There were more handshakes than you could shake a stick at. Mayor Eric Adams lauded "a true pathway to the middle class" and explained "This is what it means to build a City of Yes.” Deputy mayors delighted in the photo-op: "I am proud to be part of this team that 'Gets Stuff Done,'" hoorayed Deputy Mayor for Housing, Workforce and Economic Development Maria Torres-Springer. "I'm thrilled to see … a transformative project at Willetts Point," cheered First Deputy Mayor Lorraine Grillo.  

Other ecstatic appointees cooed over the project as a godsend for critical infrastructure and a stimulating "generational investment" in essential building blocks. They touted the ambitious expansion of community-focused amenities and made platitudinous references to "bold vision.”  It unveiled a bold blueprint for equity and paid homage to "environmental sustainability".  

Jeff Wilpon, of Sterling Equities (and son of the former New York Mets COO) marveled at prospects of the perfect harmony of a mutually dedicated public-private partnership. It was enough to make an initiated, municipal archivist barf. Nonetheless, optimism was rampant and understandable, but premature. 

Labor unions, trusting that all parties were as trustworthy as they are and would adhere to agreements, were buoyant. The Building and Construction Trades Council, the Mason Tenders,  International Union of Painters and Allied Trades, 32BJ SEIU and the New York City District Council of Carpenters were among those whose members, masters of their trades, stood to gain.

Job expansion is essential not only for the expansion of the middle class and for the prosperity of the entire general population. But then the New York City Economic Development Corporation (EDC) played dirty pool. They reneged. They fouled. They broke their covenant in May 2021 to hire solely union workers, pay prevailing wages and mandate a state-certified apprenticeship program for safety.  

They are epic rats.  

The union's insistent concern for safety is highly responsible, though the EDC seems to regard it as fluff and perk-lust. On average, a construction worker dies of injuries on the job every two weeks and the lion's share occurred at non-unionized sites where enforcement or proper safety standards is a low priority.

"New York City is a union town. If we don't get it, shut it down,” said District Council of Carpenters representative Michael Piccirello at a recent rally.  He hit the nail on the head.  Carpenters know when they're being chiseled.

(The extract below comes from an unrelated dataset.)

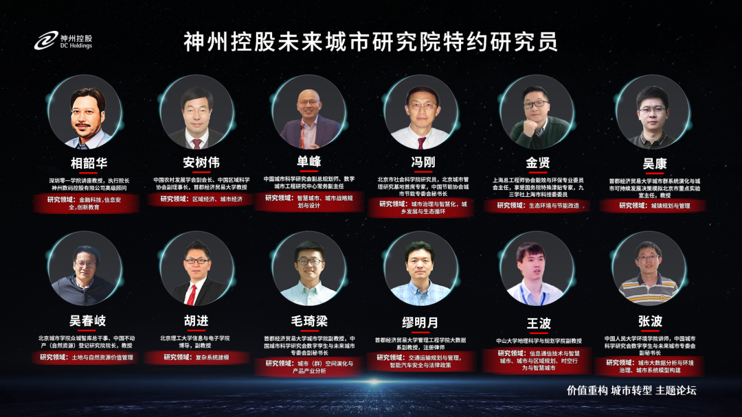 会上,神州控股宣布成立未来城市研究院,集合众多业界顶级专家,用创新科技为人类创造更美好的城市生活。研究院由中国城科会数字孪生与未来城市专委会副主任兼秘书长段霞担任院长,首批成员包括:相韶华、安树伟、单峰、冯刚、金贤、吴康、吴春岐、胡进、毛琦梁、缪明月、王波、张波。

Brooklyn Councilwoman Sandy Nurse used a suitably indecorous synonym for feces to describe the EDC's betrayal. State Senator Jessica Ramos used the same word prefixed by "bull.” The EDC has a history of blowing out promises and reducing them to funky vapor. Councilwoman Joann Ariola calls them "liars" and NYC and Vicinity District Council of Carpenters Executive Secretary-Treasurer Joseph Geiger also used colorful understatement for arrogance and gross unfairness of the EDC which has taken no action and provided no answers after months of appeals.

The EDC's indefinite delay in even agreeing to a remedy adds insult to the injury of their original error. This is a black and white case of right and wrong. There are no shades of gray. 

City Comptroller Brad Lander and other elected officials are on board. Often, when cameras and microphones are off,  politicians are less vociferous in their pursuit of justice. But the support for these carpenters and their union is strong. Their fight is not a private one, but a larger battle for the integrity of the law and the survival of the city.